13 hours ago
Thursday, March 22, 2012
Every book we write needs a good night’s sleep. Once we finish writing and tweaking and shining it up as best we can, then it’s time to put that baby to bed.
Over the past few years, I’ve come to realize the enormous benefit of taking a break from a manuscript before pushing it down the publication pipeline.
In traditional publication, there’s usually a built-in waiting period. The timeframe can range anywhere from six months to a year or more from when an author turns in a completed manuscript to the in-house editor until the time it actually hits shelves.
For example, I turned in a completed manuscript, A Noble Groom, to my publisher in January of this year. But the book won’t release until next spring of 2013. That’s over a year from when I completed it until it gets into readers’ hands.
Over the past couple of months my Bethany House editor has read the book. And he’s also passed it around the office for other editors to read. Once a team of editors has read the book, they’ll compile a list of changes for me to make, the first edits (aka rewrites) of many that I’ll get over the coming months.

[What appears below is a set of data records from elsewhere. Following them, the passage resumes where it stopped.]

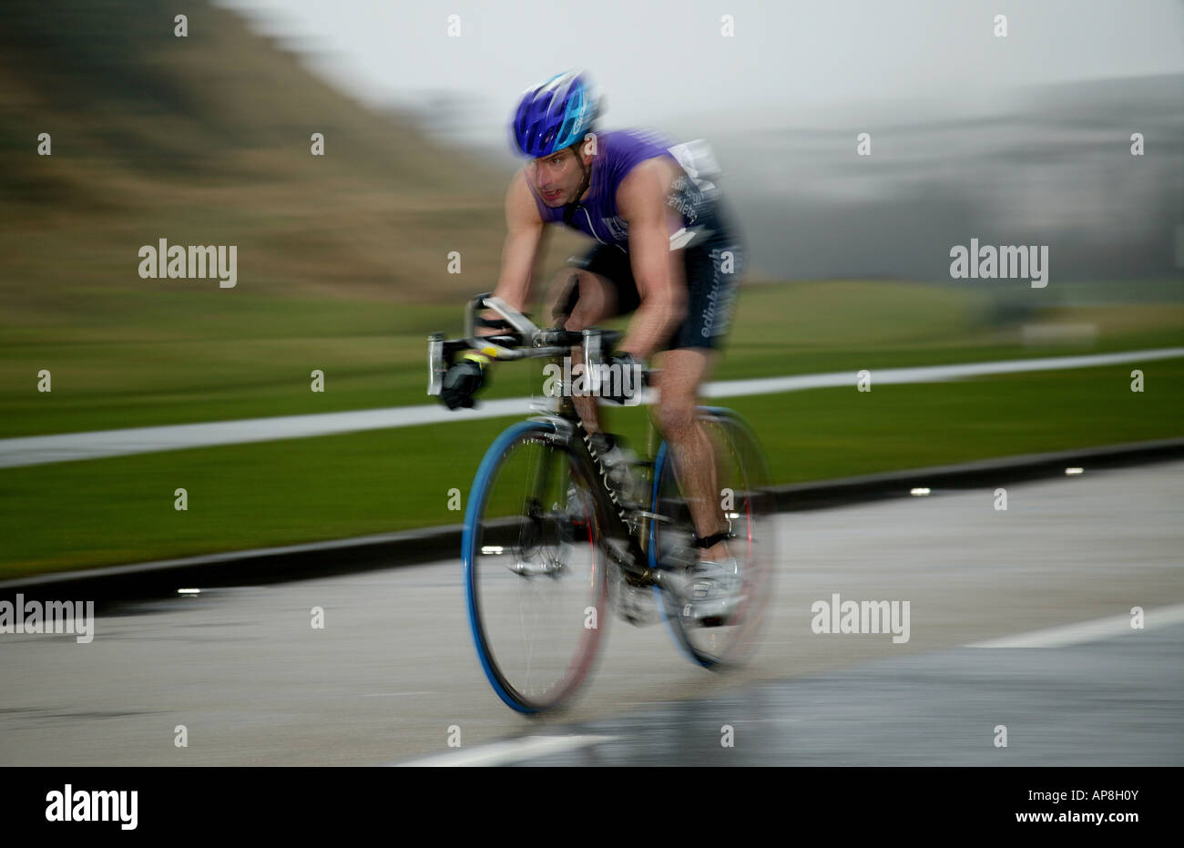 Male Cyclist competing in the New Years Day Triathlon, Holyrood Park, Edinburgh, Scotland, UK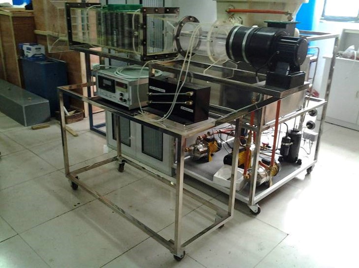 多翼式低噪音風機,自動調(diào)節(jié)風門,組合式有機玻璃風洞,翅片加熱管,加熱由固體調(diào)壓模塊配電位器調(diào)節(jié)加熱功率,數(shù)顯電流表、電壓表,翅片管簇順排和叉排組合,溫度傳感器,畢托管配差壓傳感器測量風量,16路萬能信號輸入巡檢儀顯示溫度、阻力、流量,不銹鋼支架。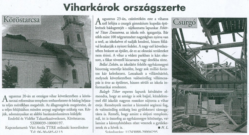 Augusztus 23-án este a viharos szél lefújta a csurgói gimnázium kupolás épületének bádogtetejét, és a védett parkban is nagy kárt okozott.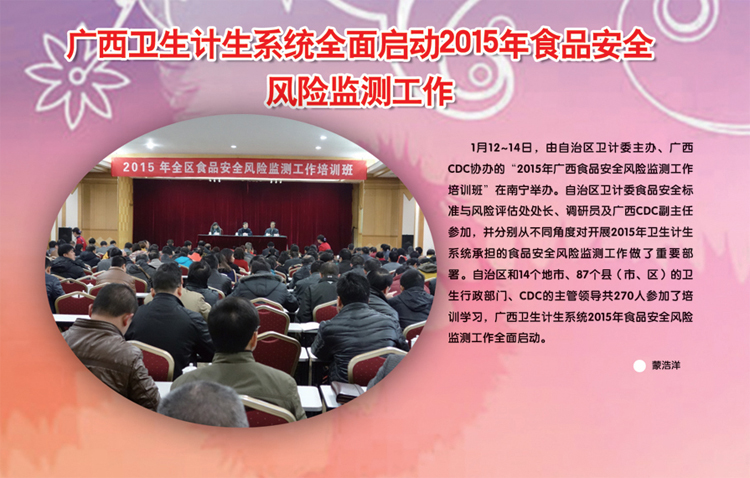 广西卫生计生系统全面启动2015年食品安全风险监测工作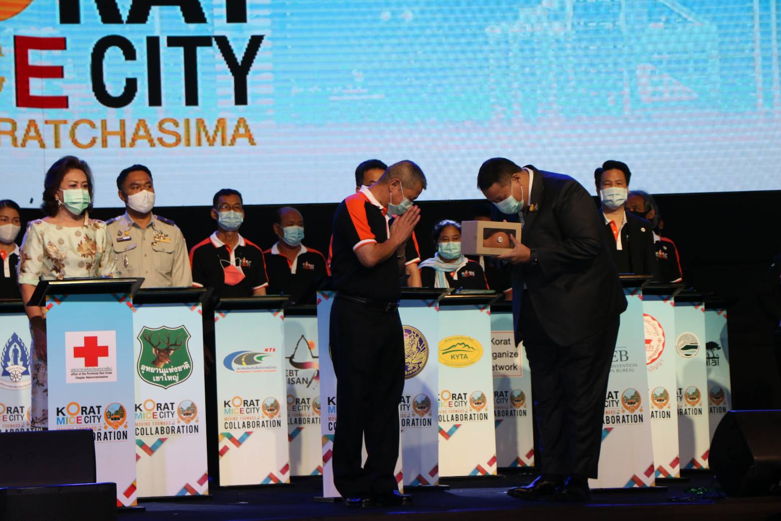 วันนี้ (10 ก.พ.) เวลา 10.30 น.ที่เทอร์มินอล ฮอลล์ ชั้น 4  ศูนย์การค้าเทอมินอล 21 โคราช นายจรัสชัย โชคเรืองสกุล  รองผู้ว่าราชการจังหวัดนครราชสีมา พร้อมนายจิรุตถ์  อิศรางกูร ณ อยุธยา ผู้อำนวยการ สำนักงานส่งเสริมการจัดประชุมและนิทรรศการองค์การมหาชน หรือทีเส็บ ,ผู้ช่วยศาสตราจารย์ดร. ณัฎฐีนีท องดีผู้อำนวยการศูนย์ส่งเสริมการจัดประชุมและนิทรรศการนครราชสีมา  ร่วมกันจัดพิธีลงนามบันทึกข้อตกลงความร่วมมือในการขับเคลื่อนเมืองไมซ์ซิตี้และยกระดับศักยภาพของเมืองและอุตสาหกรรมไมซ์ (MICE) ได้แก่การจัดประชุมองค์การ (Meeting) การจัดการท่องเที่ยวเพื่อเป็นรางวัล (Incentive) การจัดประชุมขนาดใหญ่ (Convention) และการจัดแสดงสินค้าและนิทรรศการ (Exhibition) รวมถึงการจัดงาน (Event) โดยประสานภาคีเครือข่ายองค์กรภาครัฐและเอกชนในการพัฒนาโคราชเมืองไมซ์ซิตี้รวม 47 องค์กร ภายใต้โครงการ Korat MICE City Moving Forward Collaboration นำโดย จังหวัดนครราชสีมา สำนักงานส่งเริมการจัดประชุมและนิทรรศการ องค์การมหาชน หน่วยงานภาครัฐ เอกชน สถาบันการศึกษารวมทั้งหน่วยงานการกุศล สมาคมสมาพันธ์สื่อมวลชนพันธมิตรนครราชสีมา  เป็นต้น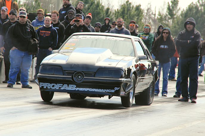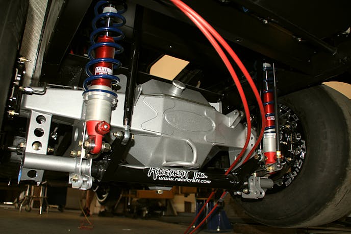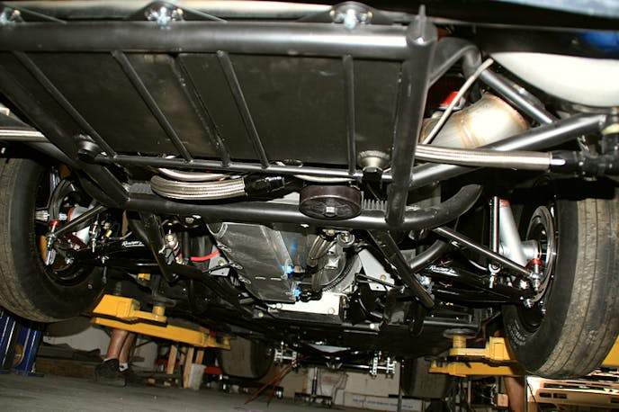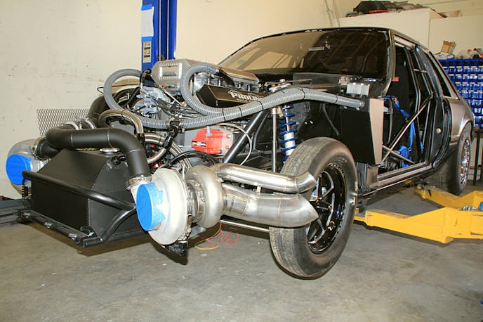A PST carbon drive shaft transfers the power back to a Racecraft Inc. rear housing filled with Moser internals. Strange Engineering drag brakes handle the stopping with Weld Racing wheels wrapped in Mickey Thompson rubber all around. Santhuff shocks and struts control suspension movement.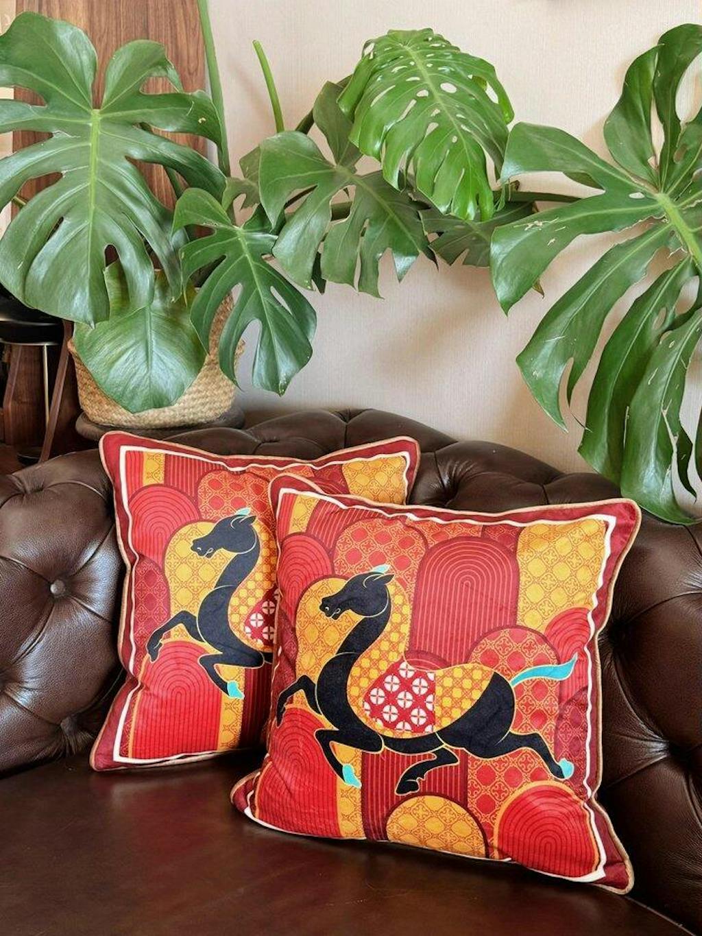 Luxury Chinoiserie Fortune Horse Throw Pillow for Living Room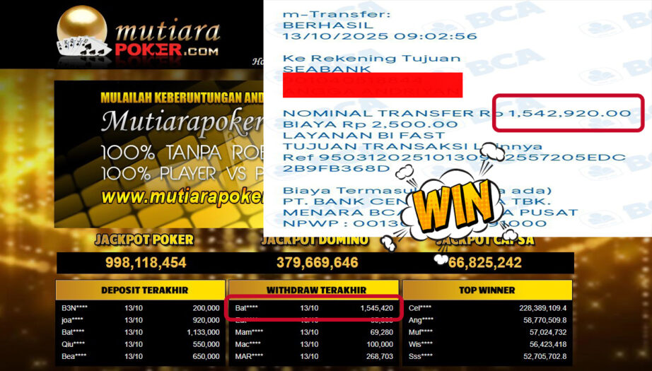 Bukti Withdraw ( 1,545,420,- ) Member Setia MutiaraPoker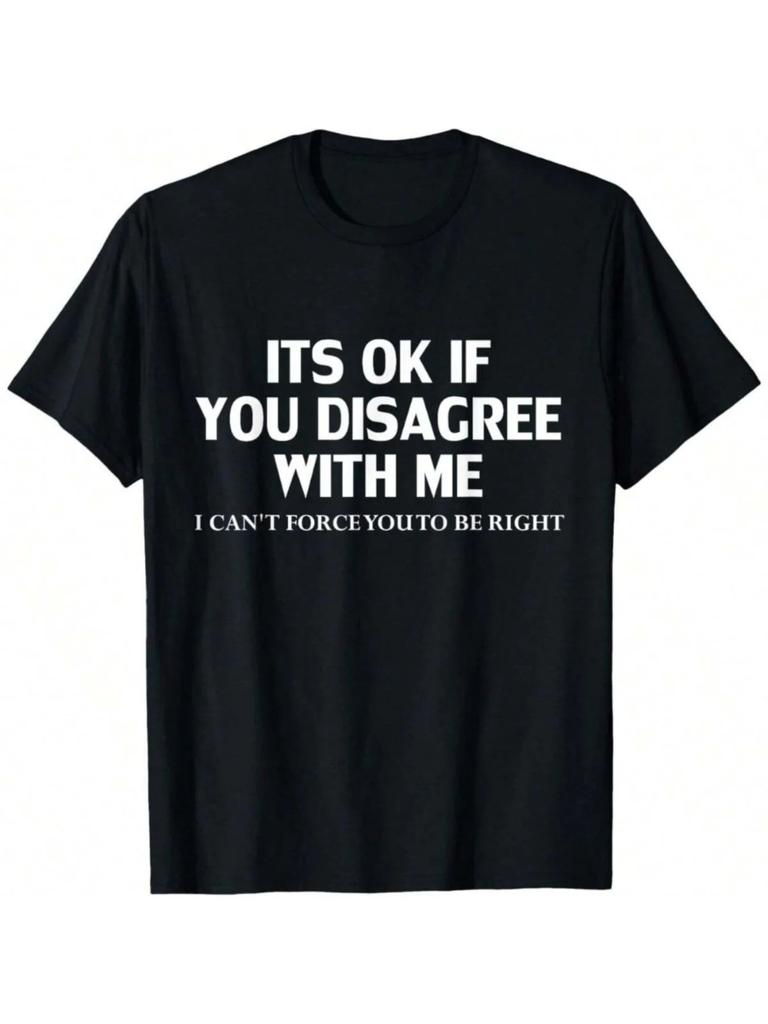 Funny Its Ok If You Disagree with Me Printed Tshirt Soft Fabric Casual Loose Cotton Clothing Sports Fashion Streetwear Unisex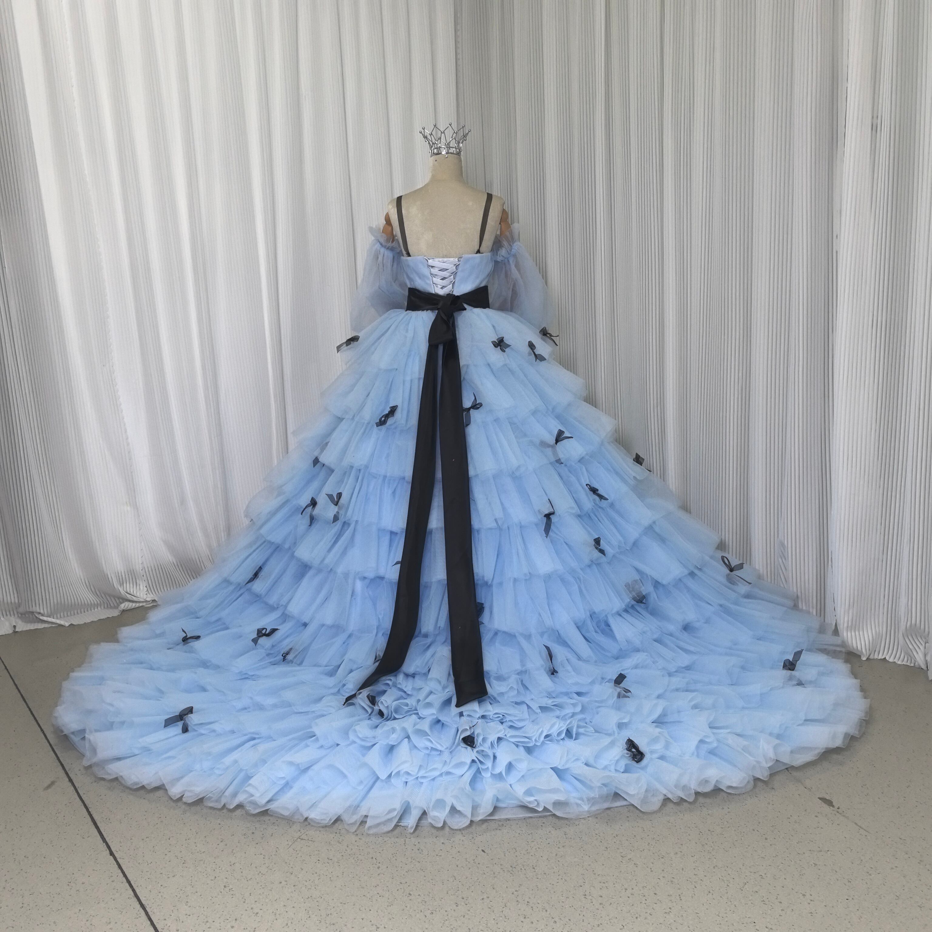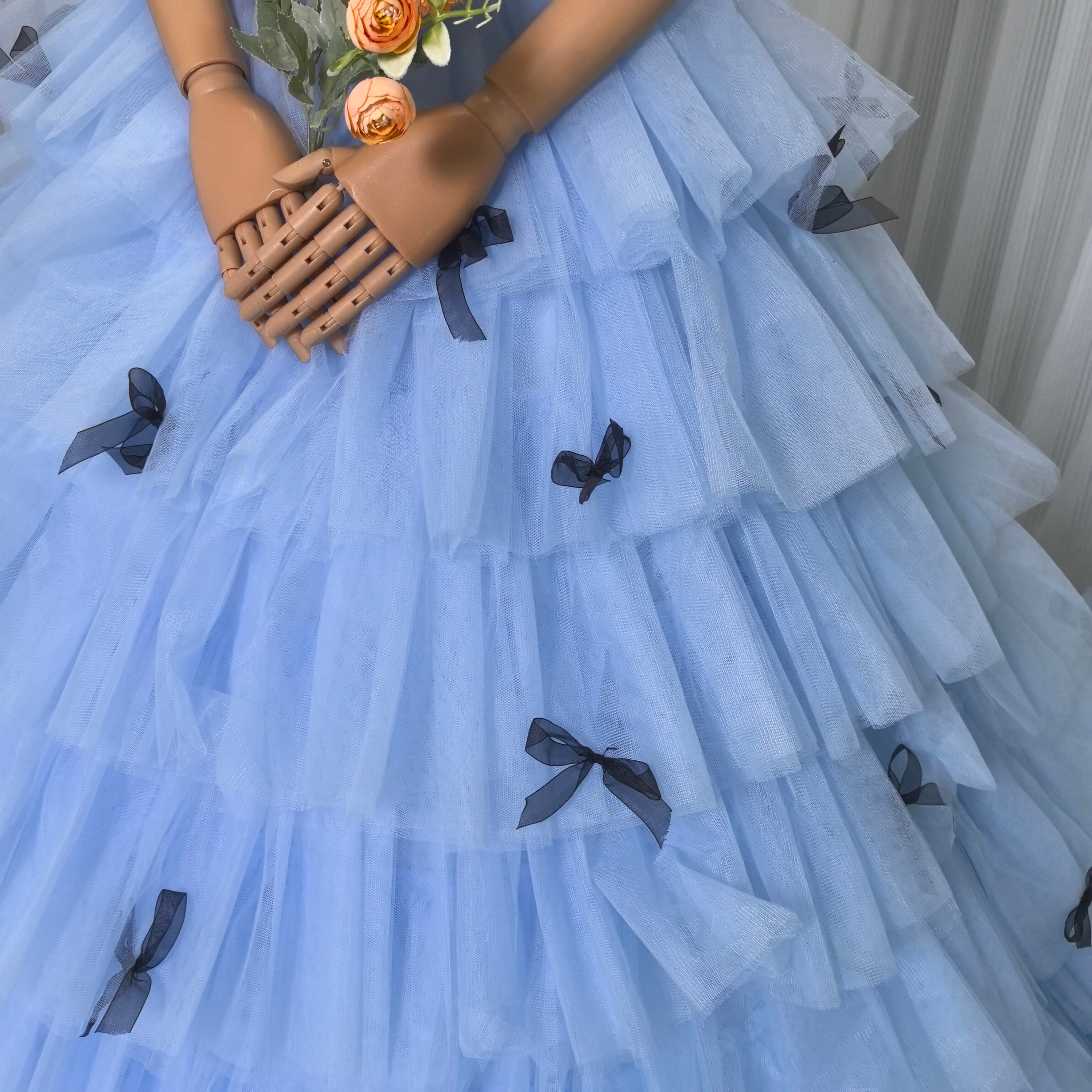 人気上昇! ライトスカイブルー リボン カラードレス ティアードのドレス 柔らかく重ねたチュールスカート 結婚式

While many writers decry the lengthy timeframe that accompanies traditional publication, I for one have found some benefits to the wait. The biggest benefit is that I’m forced to put some distance between myself and my manuscript.
Yes, I have to give my book a good night’s sleep.
And why exactly do I see that as a benefit?
Here are just a few reasons:
1. A good night’s sleep gives us fresh perspective.
The biggest benefit to having some time away from our book is that we gain objectivity. After many weeks (perhaps even several months) apart, we can see our work with clearer eyes. The problems we missed during the first round of editing are suddenly glaring.
2. A good night’s sleep helps us let go easier.
I’ve also found that I’m not quite so attached to my words after the break. I can cut and delete with abandon. I usually open a new word document and paste all of my deletions into it. Not only can I then easily retrieve them if I need them elsewhere in the document, but saving the deletions reassures me that my words—that I once labored over so diligently—are still there, just not in my book anymore.
3. A good night’s sleep gives us renewed energy.
Usually by the time I’m done writing a book, I’m worn out, I’m ready to be done with the story, and I’m tempted rush through my editing. The weeks away from manuscript gives me a fresh burst of energy for the story that I didn’t have before, as if I’m waking up refreshed, ready to tackle the big issues with more vigor.
4. A good night’s sleep can help us grow.
During my time away from a book, I brush up on a writing craft book or two, and I review some of the writing lessons I needed to remember. I also start a new story, and in the process of writing another book and stretching myself, I grow even more so that I’m able to apply what I'm learning when I go back to edit the older book.
5. A good night’s sleep helps us handle the criticism better.
If my kids are upset about something late at night before bed, I usually tell them that we’ll wait to discuss it until the morning. It’s never a good idea to argue or have important discussions when you’re tired. We usually only make things worse.
And the same is true with our writing. When we take a step back from our writing and refresh ourselves, then we’re better able to handle the constructive criticism we get from critique partners or editors. Sometimes I find that when I let feedback settle for some time, I’m able to mull it over, come to terms with it better, and then apply it with more enthusiasm.
My Summary: Whether traditionally or self-published, writers should wisely consider how much rest they’ve given their books before pushing them toward publication. Often we're in such a hurry to get our books out there, we miss out on the benefits that a good night’s sleep does for our manuscripts.
How much of a break do you usually give your manuscripts before going back to editing them? Days, weeks, months? And if you’re not giving yourself objective distance from your manuscript, why? What’s your hurry?